Village suspends Sixth Street rebuild

Federal grant jeopardy means fate of all-brick road is on hold for a couple months

There will be no special service area to help pay for an all-brick Sixth Street, at least for now.

At Tuesday night’s Hinsdale Village Board meeting, trustees voted to terminate the plan to increase property taxes for residents along the roadway between Grant Street and County Line Road to bridge the funding gap for the reconstruction. The decision was made after Congress failed to pass a 2025 federal budget that was expected to include a $1.1 million grant for the project. A stripped-down stop-gap measure to fund the government through March was passed instead, Village President Tom Cauley explained.

“(Congress) basically agreed to fund the government day to day and push everything else off until March,” Cauley reported. “I think that the best thing for us to do at this point is to withdraw the SSA and restart it after March when we know for sure that we’ve got the $1.1 million.”

He said village manager Kathleen Gargano received encouraging signals from U.S. Rep. Jesus “Chuy” Garcia (D-4, Chicago) that the funding ultimately will come through.

“(Garcia) still thinks the $1.1 million grant is likely to be awarded, but we won’t know for sure until March,” Cauley said.

As part of the $4.5 million project to reconstruct the four-block stretch, the village had planned to spend $800,000 on brick intersections and at the meeting points with Garfield and County Line, and use asphalt for the rest of the street. But residents urged the village to preserve the entire brick-surfaced stretch, which would cost an additional $2 million.

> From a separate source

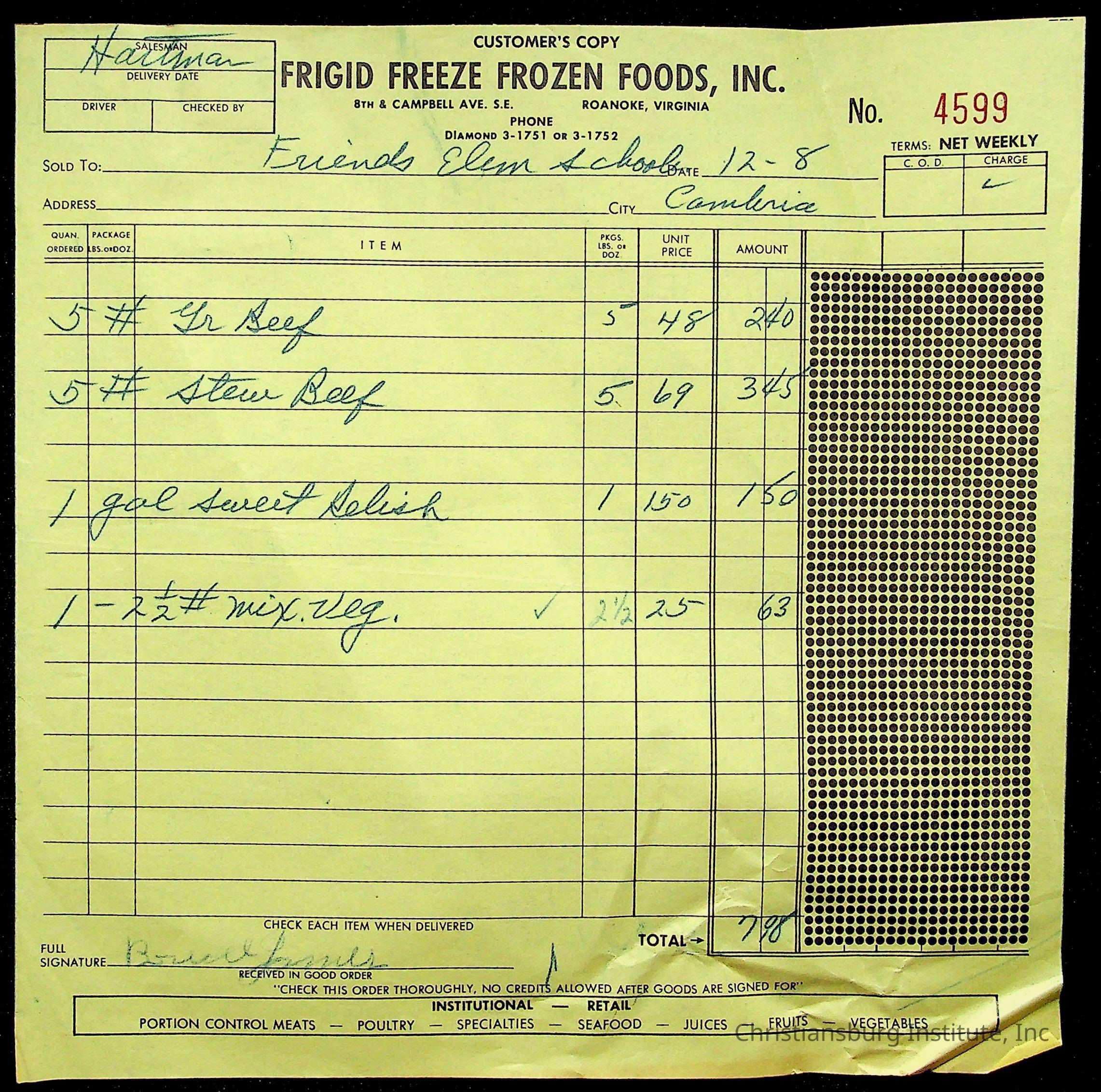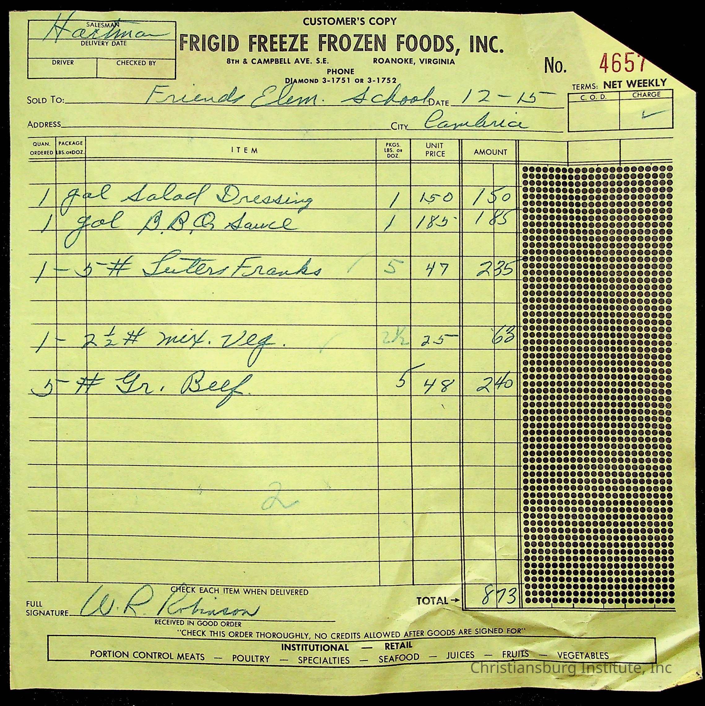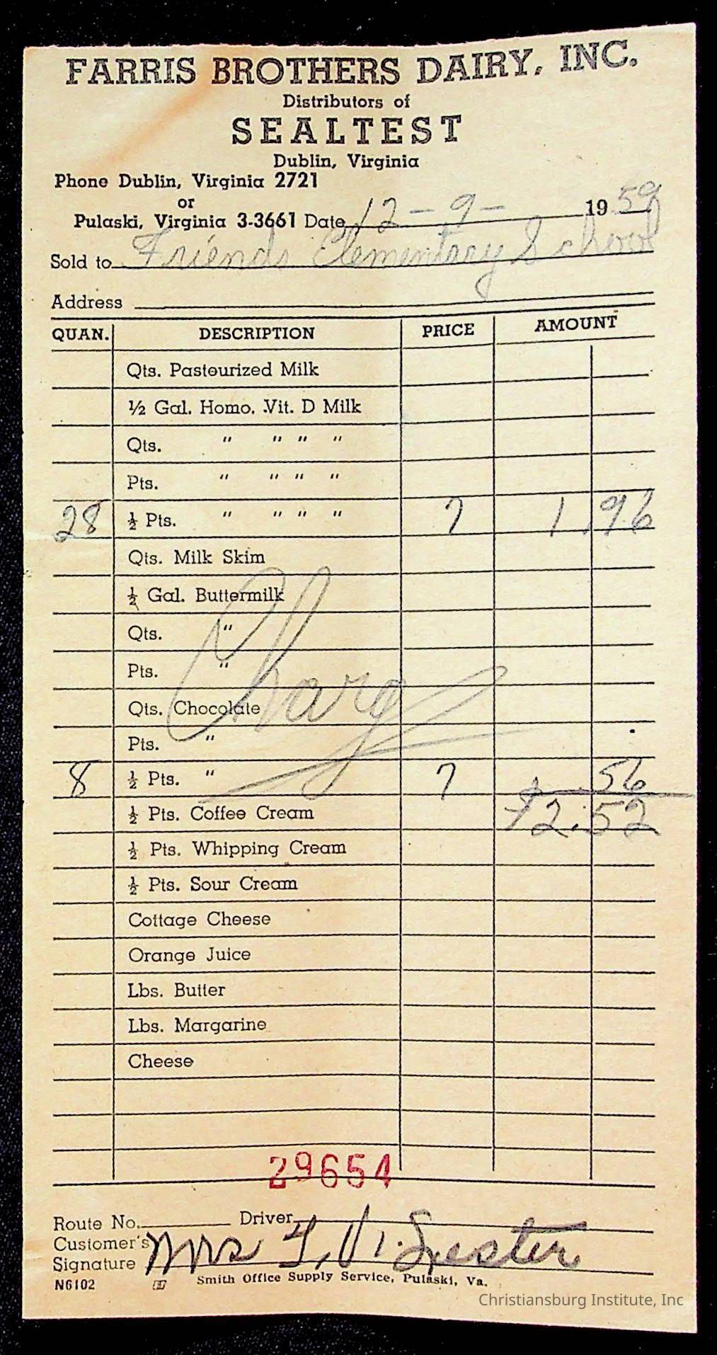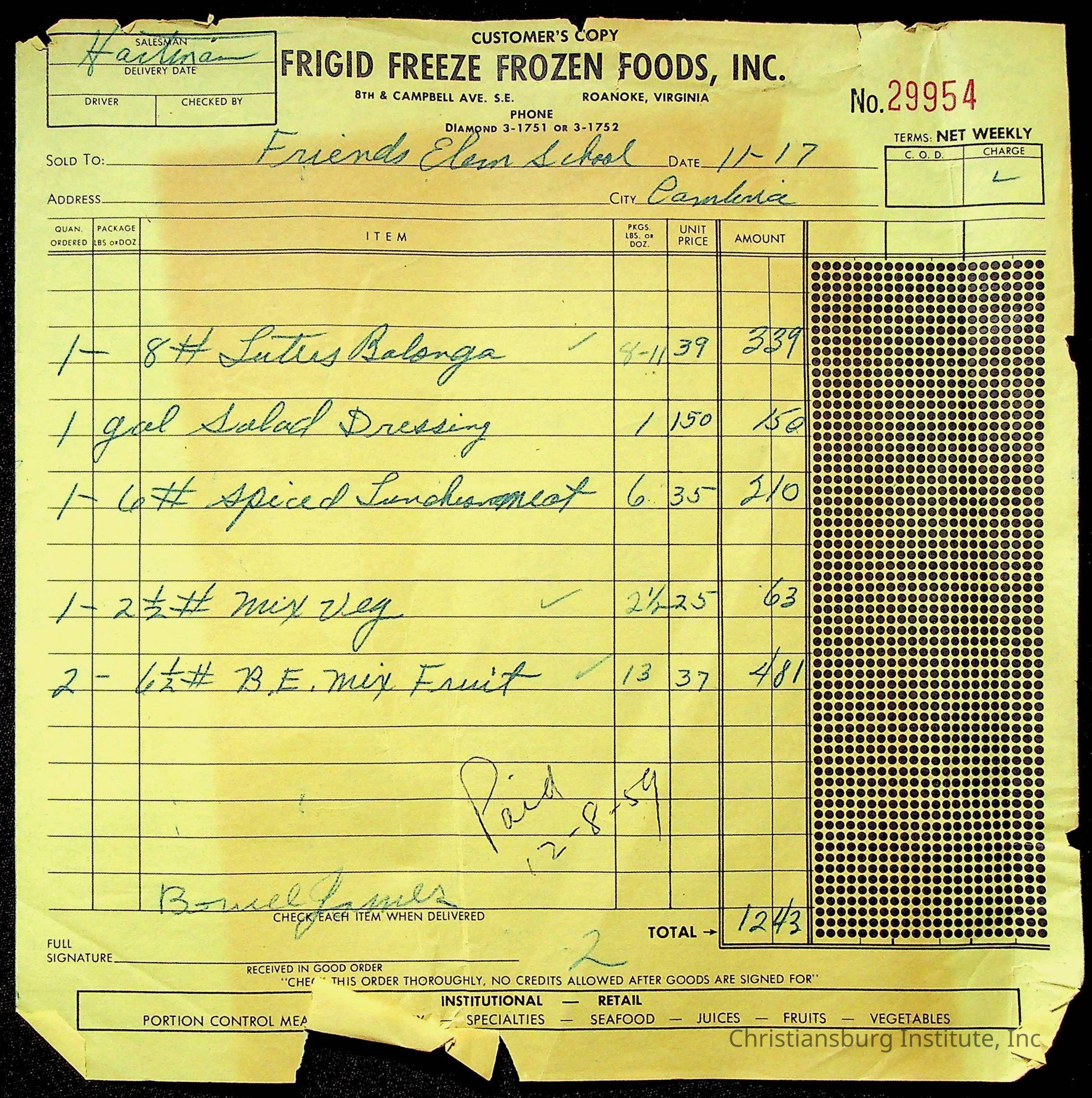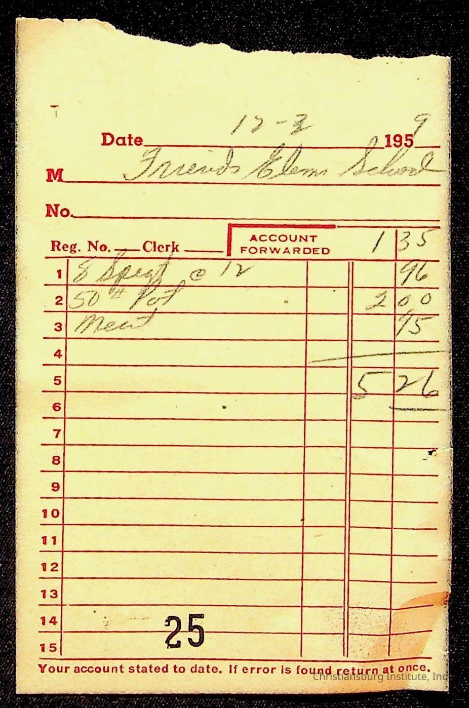 An archive of various receipts and bills for Friends Elementary School, circa 1950s-1960s.Collection

The SSA idea was introduced last fall to bridge the gap. At a public hearing in December, the possibility of the grant emerged. The federal funding would reduce the residents’ burden from $2 million to $900,000 and reduce the average cost to an SSA homeowner from $7,262 a year to $2,300 a year per parcel. Residents can defeat the SSA by collecting petitions signed by 51 percent of property owners and taxpayers.

The delay means the work timeframe, which had been set for this year, has been pushed to 2026. Cauley noted the Illinois Environmental Protection Agency is keen on the village separating the sanitary and stormwater sewers as part of the project.

“We’re going to get an extension from (the IEPA), I don’t think that should be a problem given that the apple cart was upset by what Congress did,” he said.

Cauley also downplayed the potential for cost increases due to the delay, projecting that price hikes seen during COVID will subside.

“We’ve conservatively estimated the budget, so any likely cost increases will be encompassed in the budget we’ve already put forth,” he said.

If and when the SSA process is restarted, a new public hearing will be held, village officials stated.

“Everything we talked and thought about in December will remain the same,” Cauley said. “The only thing we’re really doing is putting it off until the $1.1 million grant is actually dispersed.”